## Exercise
The answer is the full listing restated exactly, without any pictures.
*** Begin section ***
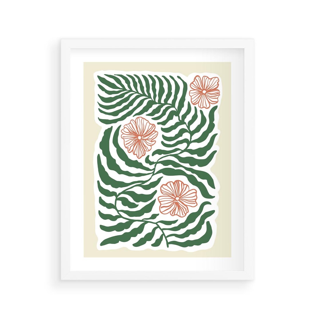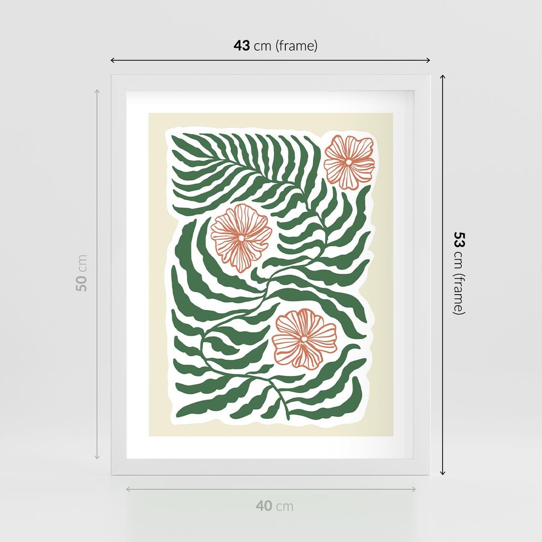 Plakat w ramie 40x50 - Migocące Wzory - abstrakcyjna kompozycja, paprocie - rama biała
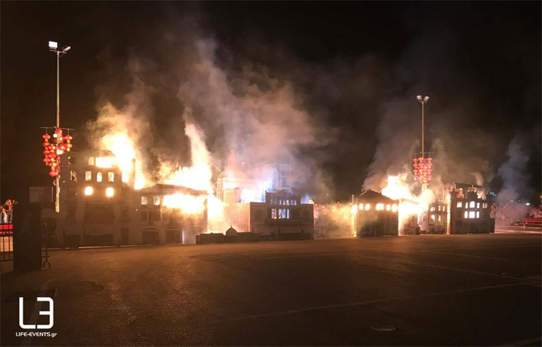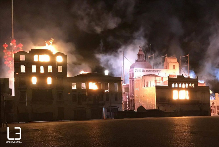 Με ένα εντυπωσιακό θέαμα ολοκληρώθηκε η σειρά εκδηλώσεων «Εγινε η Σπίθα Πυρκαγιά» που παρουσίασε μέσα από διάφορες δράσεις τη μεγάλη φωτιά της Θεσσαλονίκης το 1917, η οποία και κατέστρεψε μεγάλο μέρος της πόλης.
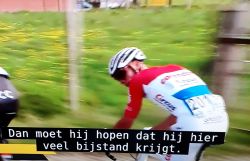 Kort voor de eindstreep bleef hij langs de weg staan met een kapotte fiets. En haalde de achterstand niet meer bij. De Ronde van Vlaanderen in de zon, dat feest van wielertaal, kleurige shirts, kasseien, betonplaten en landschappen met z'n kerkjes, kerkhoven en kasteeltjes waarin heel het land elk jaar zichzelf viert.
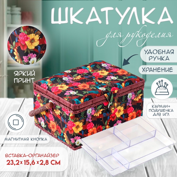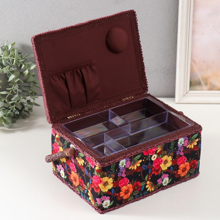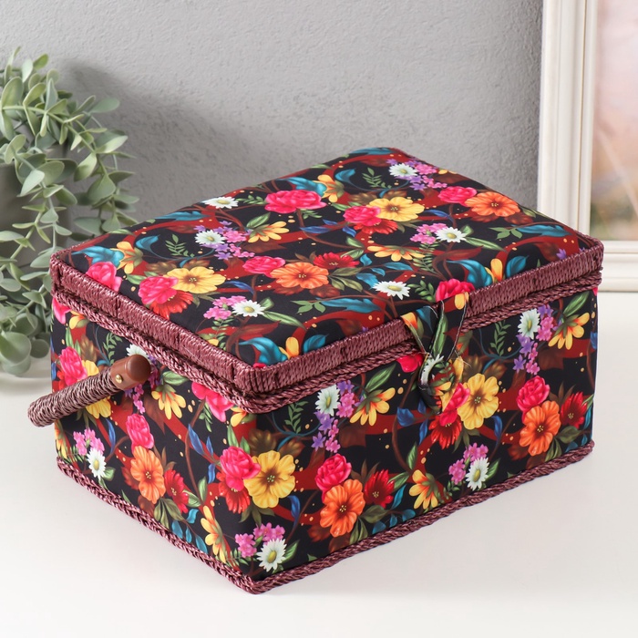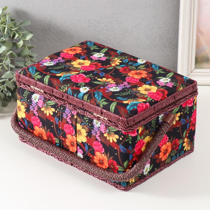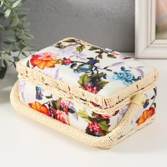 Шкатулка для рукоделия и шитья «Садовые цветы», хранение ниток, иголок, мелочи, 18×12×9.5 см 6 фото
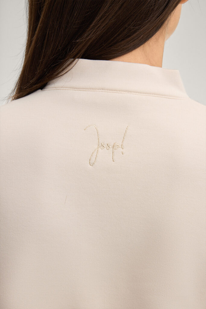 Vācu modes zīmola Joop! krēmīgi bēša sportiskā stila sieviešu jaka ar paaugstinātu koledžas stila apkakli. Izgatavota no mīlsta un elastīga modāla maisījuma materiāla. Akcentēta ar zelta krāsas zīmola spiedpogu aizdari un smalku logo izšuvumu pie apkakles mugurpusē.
*** End section ***
## Problem solution
 Plakat w ramie 40x50 - Migocące Wzory - abstrakcyjna kompozycja, paprocie - rama biała
 Με ένα εντυπωσιακό θέαμα ολοκληρώθηκε η σειρά εκδηλώσεων «Εγινε η Σπίθα Πυρκαγιά» που παρουσίασε μέσα από διάφορες δράσεις τη μεγάλη φωτιά της Θεσσαλονίκης το 1917, η οποία και κατέστρεψε μεγάλο μέρος της πόλης.
 Kort voor de eindstreep bleef hij langs de weg staan met een kapotte fiets. En haalde de achterstand niet meer bij. De Ronde van Vlaanderen in de zon, dat feest van wielertaal, kleurige shirts, kasseien, betonplaten en landschappen met z'n kerkjes, kerkhoven en kasteeltjes waarin heel het land elk jaar zichzelf viert.
 Шкатулка для рукоделия и шитья «Садовые цветы», хранение ниток, иголок, мелочи, 18×12×9.5 см 6 фото
 Vācu modes zīmola Joop! krēmīgi bēša sportiskā stila sieviešu jaka ar paaugstinātu koledžas stila apkakli. Izgatavota no mīlsta un elastīga modāla maisījuma materiāla. Akcentēta ar zelta krāsas zīmola spiedpogu aizdari un smalku logo izšuvumu pie apkakles mugurpusē.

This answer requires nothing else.